Hint: It’s not the Denver Post

Who understands severance tax? Municipalities around the state understand severance tax.

The Denver Post – based on the editorial in this past Sunday’s newspaper – most definitely does not understand severance tax, as evidenced by its promotion of a dangerous proposal for the state to eliminate energy impact grants to municipalities and counties.

Many communities around the state, whether they have active drilling or mining occurring within or around them at this moment, have experienced the impacts of natural resource extraction from within or around their borders. They understand that even when the truck traffic thins out, the employees leave the restaurants and community centers, and the wells are shut in that the impacts do not go away. They know that communities suffer and some all but disappear.

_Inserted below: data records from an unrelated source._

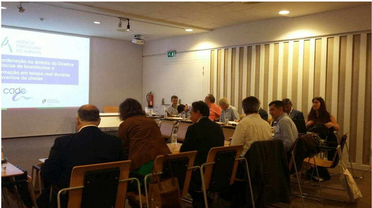
Imagen de la reunión entre las delegaciones portuguesa y española celebrada los días 5-6 de julio de 2018 en Oporto

Uno de los resultados de la reunión de Évora fue la propuesta de creación de un grupo específico de trabajo España-Portugal para la implantación de la Directiva de Inundaciones acordándose la celebración en Oporto de una reunión los días 5-6 de julio de 2018 para mejorar la coordinación internacional en el marco de la Directiva de Inundaciones e intercambiar información en tiempo real en episodios de avenida entre ambos países.
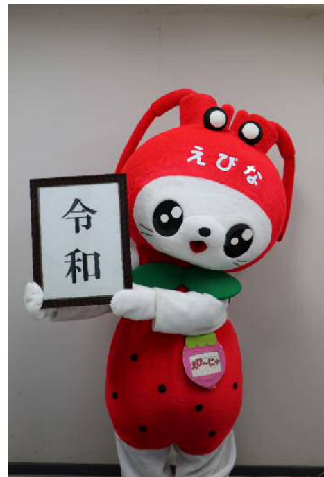
▲えび～にゃ等身大パネルイメージ
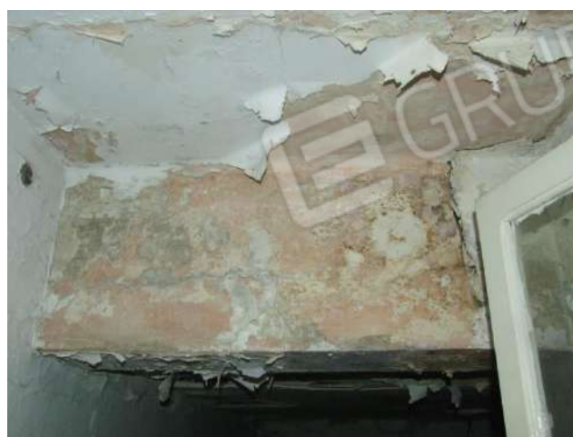
Foto 34 e 35 - Vano 3 e disimpegno - Condizione di degrado degli intonaci
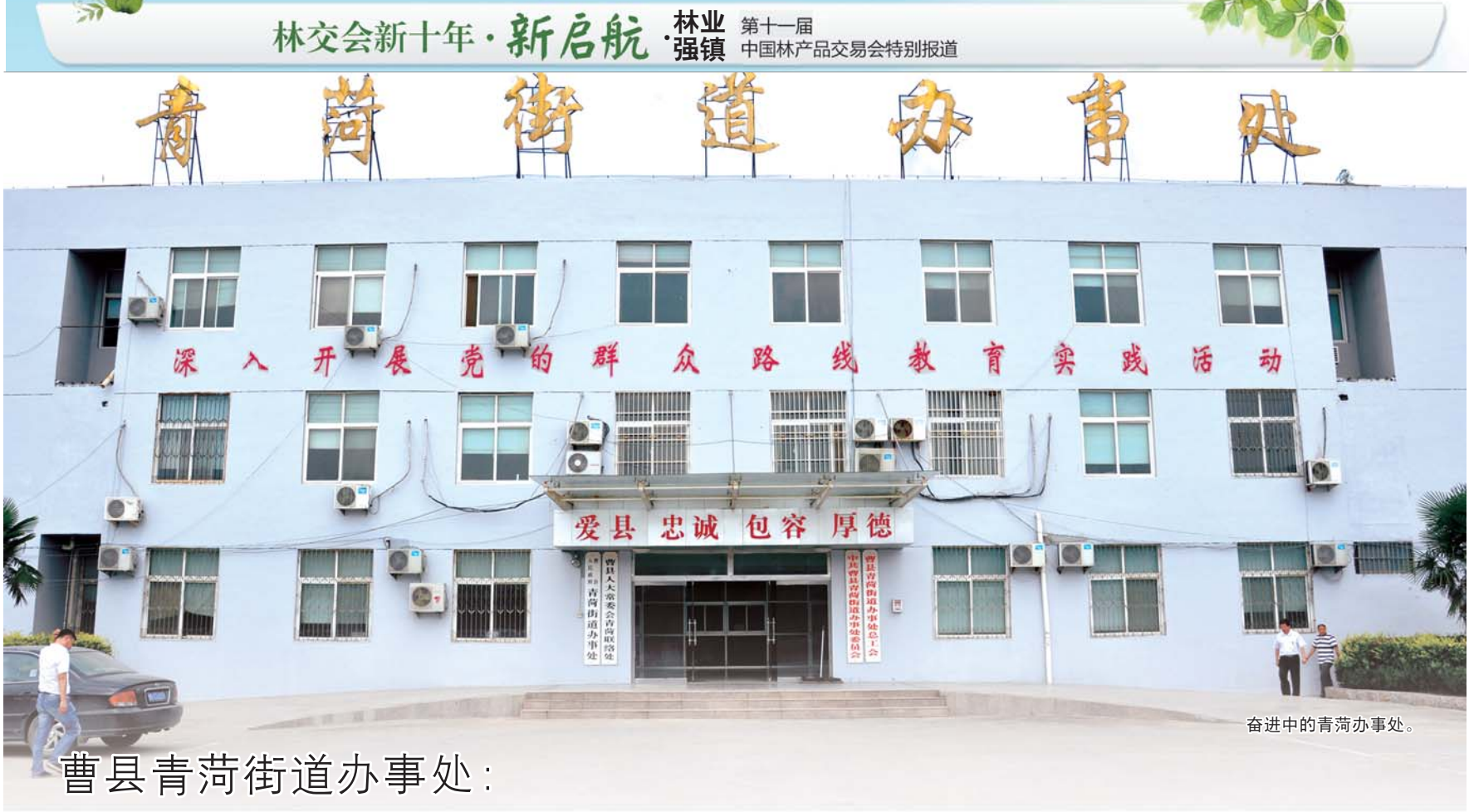
奋进中的青荷办事处。

Municipal leaders understand energy impacts. Municipal leaders understand state statutes that express legislative intent that the state be compensated for the depletion of natural resources from Colorado, and that impacted communities should receive a designated portion of that money to help mitigate the impacts. They understand that roads, bridges, water and wastewater infrastructure, public safety, and economic development potential are all part of the impacts.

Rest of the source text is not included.